夢
〈シャツを干す梅雨の晴れ間を尊べり 涙次〉
【ⅰ】
夜中、ふと目を醒ましたテオ、傍らのでゞこと四匹の仔らを見た。文・學・隆・せい、子供たちの成長の早い事。もう仔猫と云ふより、若猫だ。するとだうしても思ひ出してしまふ、この仔らがテオにとつて將來災ひとなる、と云ふ*「孕ませ屋」の言葉。その「將來」が近付いてゐると、心の底流にあり、だうしてもその仔らを作つたでゞこを愛せない。
* 前シリーズ第145・146話參照。
【ⅱ】
莫迦らしいのだ、猫にはそんなシリアスな「愛」と云ふものは、ないんぢやないか。自分に問ふてみても、思ひ出すのは、* 野代ミイの胸の膨らみ、腰の張り。僕も單なる一雄猫として、浮氣放題、やればいゝではないか。

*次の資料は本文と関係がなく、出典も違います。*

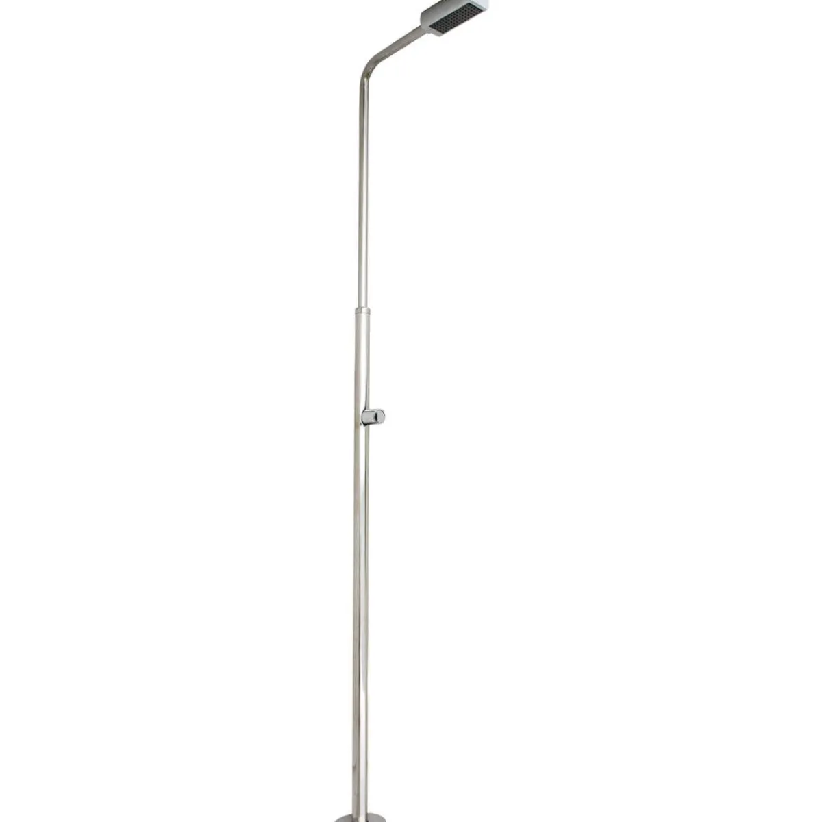 Ducha de acero inoxidable, una ducha de acero inoxidable que se integra perfectamente en el jardín.
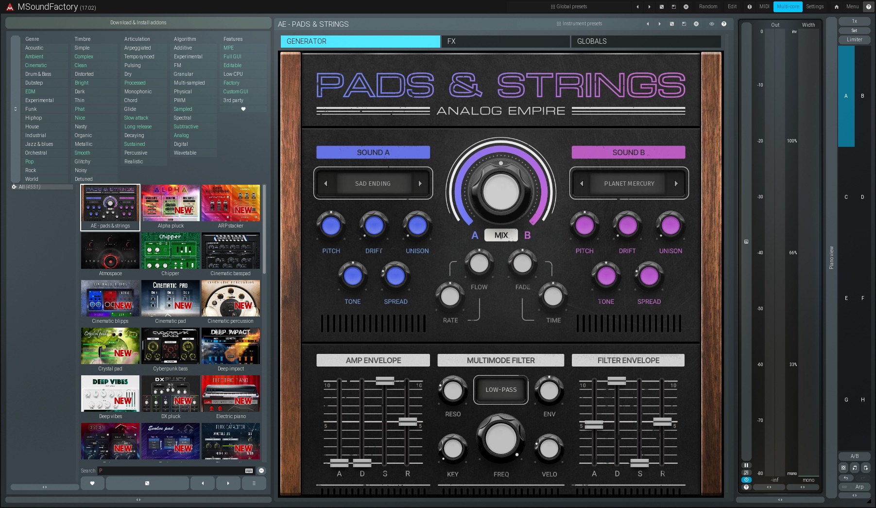 El instrumento premium Analog Empire: Pads & Strings compatible con MPE de MeldaProduction para su plataforma de instrumentos virtuales modulares MSoundFactory tiene como objetivo ofrecer sonidos expresivos de muy alta calidad que son un placer de tocar. Digámoslo de esta manera: su diseño intuitivo garantiza que los usuarios pasen menos tiempo ajustando y más tiempo creando, lo que hace que sea simple y rápido obtener un sonido que se adapte perfectamente a su pista. Es justo decir que Analog Empire: Pads & Strings proporciona las herramientas y los sonidos para elevar la música de cualquiera, ya sea creando paisajes sonoros ambientales, texturas cinematográficas o pads exuberantes.
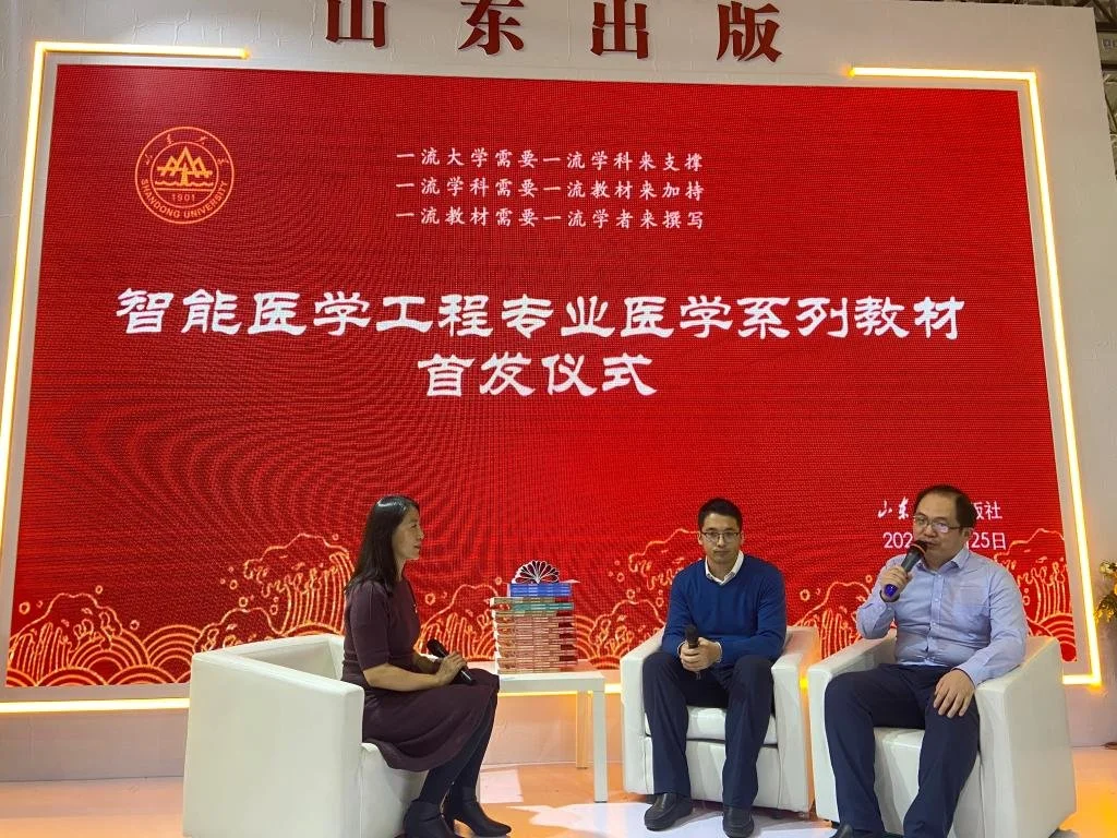 2月25日下午,齊魯醫(yī)院主編的“智能醫(yī)學(xué)工程專業(yè)醫(yī)學(xué)系列教材”新書發(fā)布會(huì)在北京召開。山東大學(xué)出版社總編輯王貽社為發(fā)布會(huì)致辭。山東大學(xué)齊魯醫(yī)院(第一臨床學(xué)院)院長(zhǎng)、教材總主編陳玉國教授,教育處處長(zhǎng)、《臨床研究規(guī)范》分冊(cè)主編呂明教授視頻出席會(huì)議并作專題講話。《人工智能與腫瘤》分冊(cè)第二主編、齊魯醫(yī)院腫瘤放療科副主任王建波教授,《人工智能與急危重癥搶救》分冊(cè)編委、齊魯醫(yī)院急診科副主任邊圓副教授出席現(xiàn)場(chǎng)訪談與提問環(huán)節(jié)。發(fā)布會(huì)由山東大學(xué)出版社醫(yī)學(xué)分社社長(zhǎng)徐翔主持。
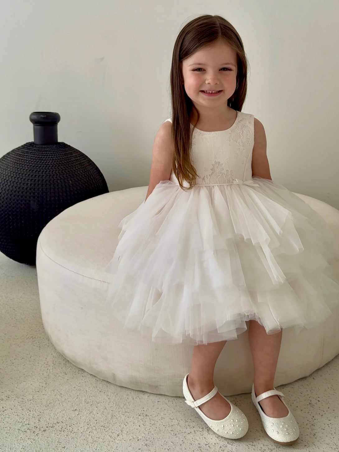 Sweet, stylish, and full of whimsy, the Broadway dress is the perfect pick for your little girl. Designed with a delicate lace bodice and a playful layered tulle skirt, this dress brings volume and movement in the most charming way. Whether she’s walking down the aisle or twirling at a party, your little one will feel like the belle of the ball in this enchanting, ballerina-inspired silhouette.
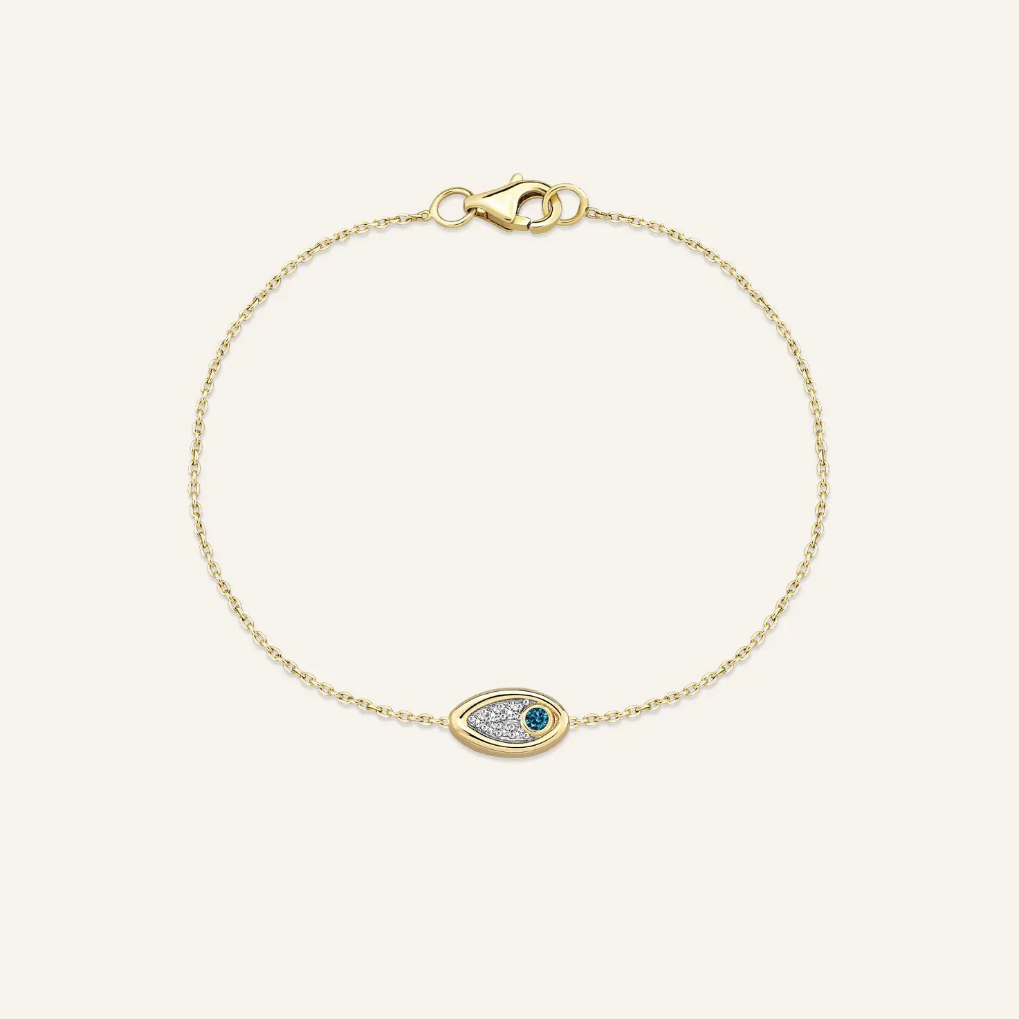 14 ayar altın bu zarif bilezik, modern formuyla sade bir şıklık sunuyor. Oval yapısındaki pırlanta detaylar, tasarıma zarif bir parlaklık kazandırırken; mavi topaz taşı denge ve huzurun simgesi olarak öne çıkıyor. Fragments Koleksiyonu’nun ruhunu yansıtan bu tasarım, kusursuz olmayan formların içindeki uyumu ve doğal bütünlüğü hatırlatıyor.
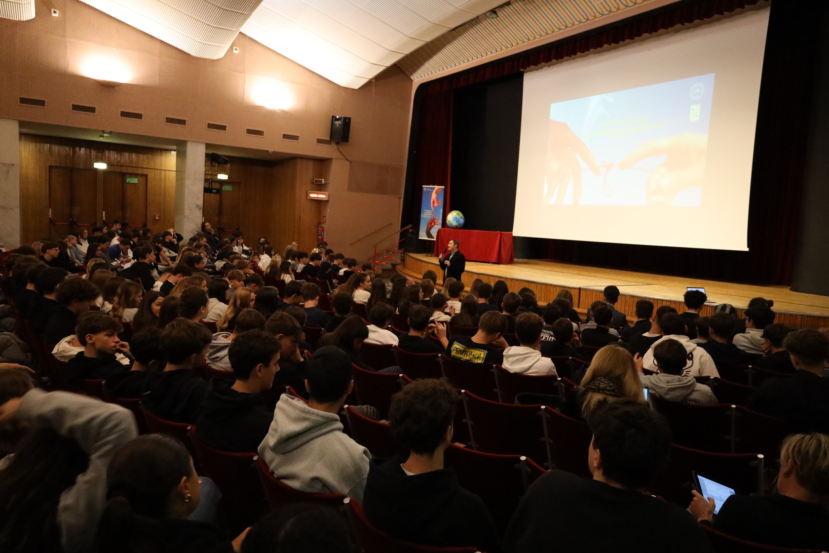La mattinata si è articolata in due momenti, a cui hanno partecipato tutti gli studenti dei Licei, dalle classi Prime alle Quarte – mentre le classi Quinte hanno aderito al progetto per la donazione del sangue proposto da AVIS.
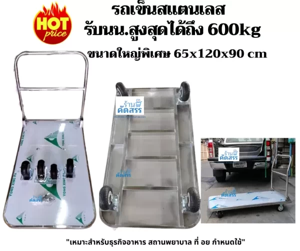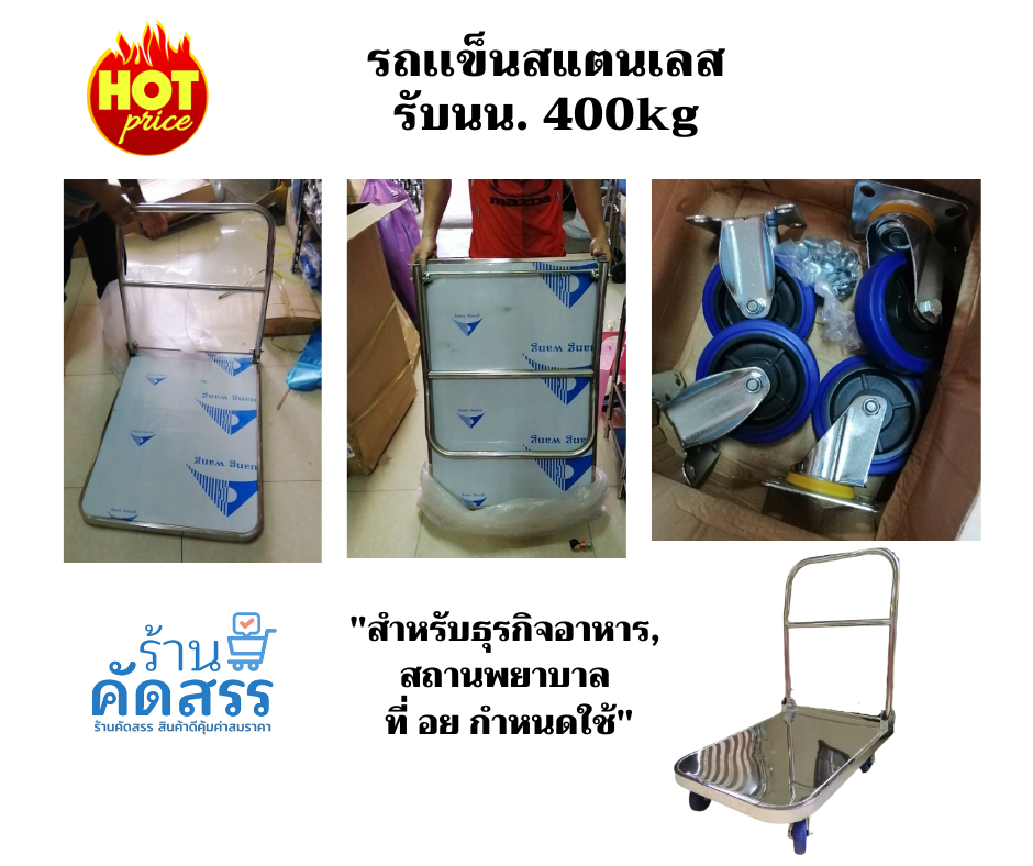 • รถเข็นของสแตนเลส รถเข็นพื้นสแตนเลส รับน้ำหนัก 300kg สูงสุด 400kg รถเข็นสินค้า รถเข็นพับได้
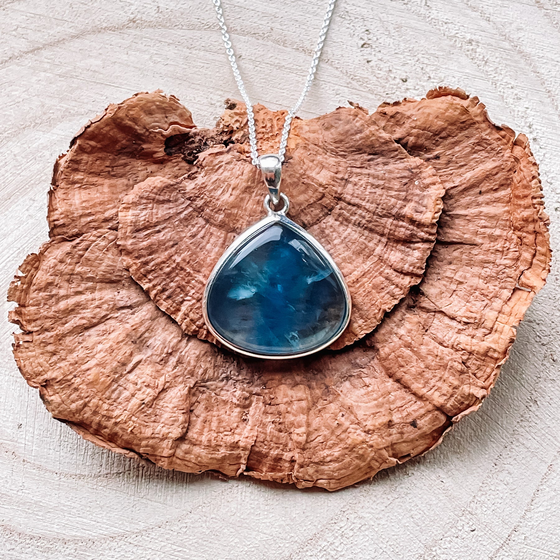 Fluoriet blauwe luxe hanger (925 sterling zilver)

違ふか、テオ? 顔の見えない父が云ふ。顔の見えない母が、**「をばさん」とは似ても似つかない姿をしてゐるのは、分かり切つた事だつた...
* 前シリーズ第153話參照。
** 前シリーズ第32話參照。
【ⅲ】
文、が目醒めた。「父ちやん、オシッコ」‐「小便ぐらい迷はずに行け。こゝはお前の家なんだぞ」何を苛ついてゐる、テオ‐ カンテラの聲がしたやうに感じた。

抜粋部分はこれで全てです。